Without dreams, no matter how far-fetched, she would’ve ceased living long ago. Simply collapsed and died. Dreams carried her away from the horrors.
Her mother’s voice telling guests: Gertruidah exists in an imaginary world and, what is worse, she believes the things she makes up. I can’t bear to think what’ll happen to her when Abel and I are no longer there …
Leap year, 2008. She recalls the swampy February afternoon heat when she got out of her air-conditioned car outside The Copper Kettle. Braham’s car was already there. She was tired. All week long Abel had taunted her with a toy he’d ordered from America on the Internet. A black rubber thing, covered with tiny tentacles. Repulsive.
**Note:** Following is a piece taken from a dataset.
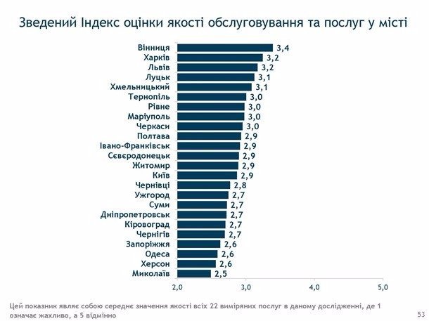 Українці давали містам оцінку за 22 категоріями. Останнім в списку найкомфортніших міст став Миколаїв. Відзначимо, що Київ зайняв в рейтингу 14 місце.
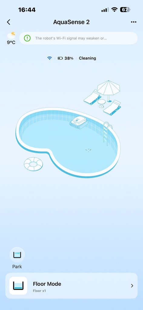 - Automatické parkovanie a SmartDrain™ – robot sa po práci sám vynorí, zaparkuje pri okraji a pri vytiahnutí vypustí vodu pre ľahkú manipuláciu.

‘Get some KY jelly when you go to town,’ he’d ordered the night before. ‘Batteries too.’
She would kill him, she swore. ‘Get it yourself.’
He got angry and shoved the rubber thing up inside her. She pressed her face into the mattress and became someone else. A faceless woman on a train to Avignon. Through the train window she watched the vineyards and linden trees covered with tiny yellow-green flowers slip by. She must take a jar of linden honey back home for Braham. Because he was the sweetest thing in her life.
When the faceless woman got off the train, she heard the bedroom door close.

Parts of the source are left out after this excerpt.